First I was going to just  trace the pattern on a strip of fabric and sew each seam as I had done before...

But I lost my confidence, so went back to making individual hexagons and sewing things together.

!! If I do this again I will simply add the ends when doing each row!!

Nine hexies in each black row.  The coloring didn't make it clear that the corners could belong to either player.

The last two rows were easy to add.  I was starting to think ahead for how I was going to add the rest of the pillow front to the game board.  But something wasn't right.  There were more hexies in each of those rows.

There was several hexies removed and replaced, and removed and replaced, but finally I settled on making two hexies that were half of each color and then placing them in the larger angles of the piece. (So all the border sides have 8 1/2 cells of a color.)

First I put a border around the game board.  Then I cut two rectangles - and then cut them on the diagonal and sewed those on the piece.  I made a template to help me with the size of the front of the pillow, pinned that down and then cut the piece.

I am behind with making several of my game boards into pillows, but that is still the plan.

I have admired hexie quilts for a long time.  I know I didn't do this in the correct way.  It seemed more important to make it using the denim for this project.  I don't think I ever would have put this on my bucket list, and even if I do not make another one (with regular cotton and larger pieces) I have a new found appreciation and amazement at the work done by others.

You can see how the others in the quilt a long have done their hexie game boards.
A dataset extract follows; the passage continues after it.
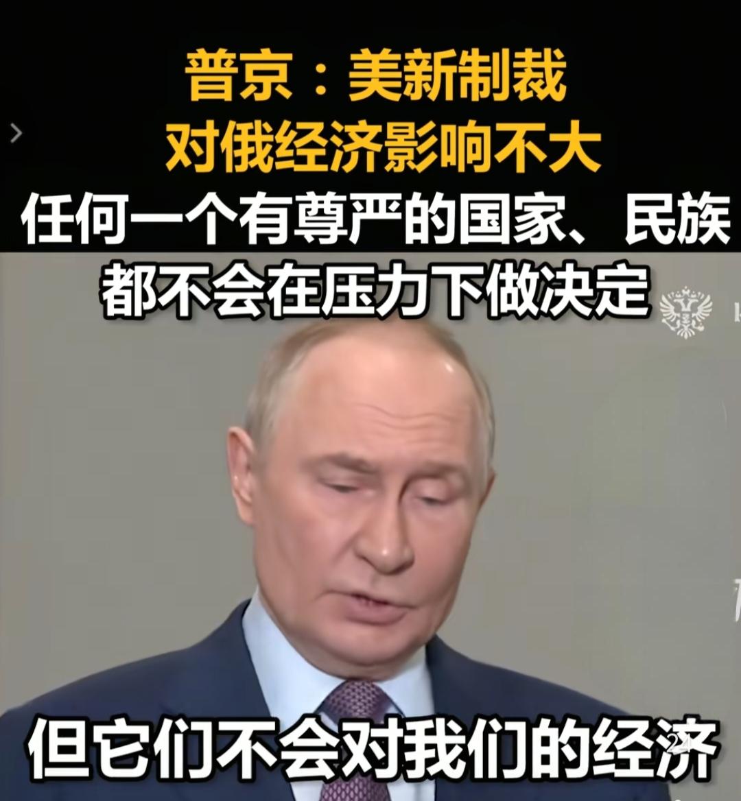 普京说,美国的制裁对俄罗斯不会造成重大的影响,任何一个有尊严的国家,民族,都不会在压力下做出决定。 之前扎哈罗娃也表示,俄罗斯已经对西方的制裁“免疫”了,俄罗斯将继续推进经济发展。 他们说的还真不是大话,西方国家对俄罗斯的大规模制裁从2014年就开始了,在这11年时间里,俄罗斯的经济不但没有崩溃,在最近几年却挤到了前十的位置,尤其是2024年,俄罗斯排到了第四的位置,把那些西方国家都挤下去了。西方国家对俄罗斯的制裁已经是方方面面都有了,而且俄罗斯需要的产品有其他可提供的国家,对俄罗斯的影响还真的不大,因为俄罗斯也是有朋友的。即使是俄罗斯的对手,俄罗斯的石油和天然气也是那些对手的必需能源,他们只不过通过第三方购买俄罗斯能源而已,俄罗斯也没多少损失。西方国家对俄罗斯的制裁只能说不痛不痒,没多大影响。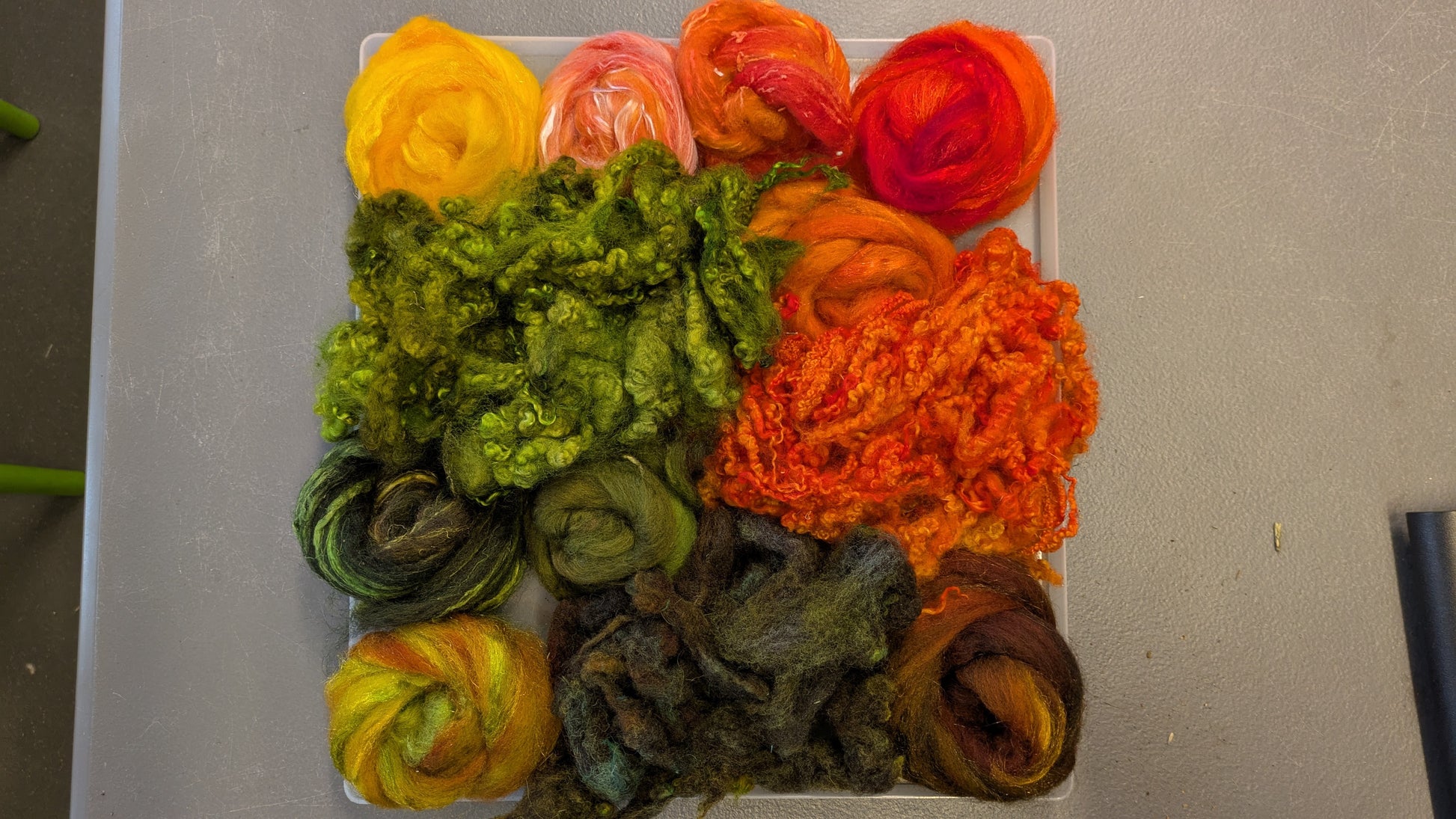 Hand dyed wool mix top and a selection of hand dyed wool fleece, lovely curls and texture. Some of these have added sparkle. Great for creating instant texture in your needle felted or wet felted pieces, this selection I created with autumn in mind.

You can still join the quilt a long for the final months of the adventure.


  1. This is so amazing! Thanks for sharing all your thoughts, experiments and tips!! I really enjoy seeing how everyone is customizing the boards and try out new things. Thanks for playing along and for linking up on the blog!

    1. Thank you Alida for organizing the patterns for the different game boards. It's so great the way we are exploring different piecing methods too!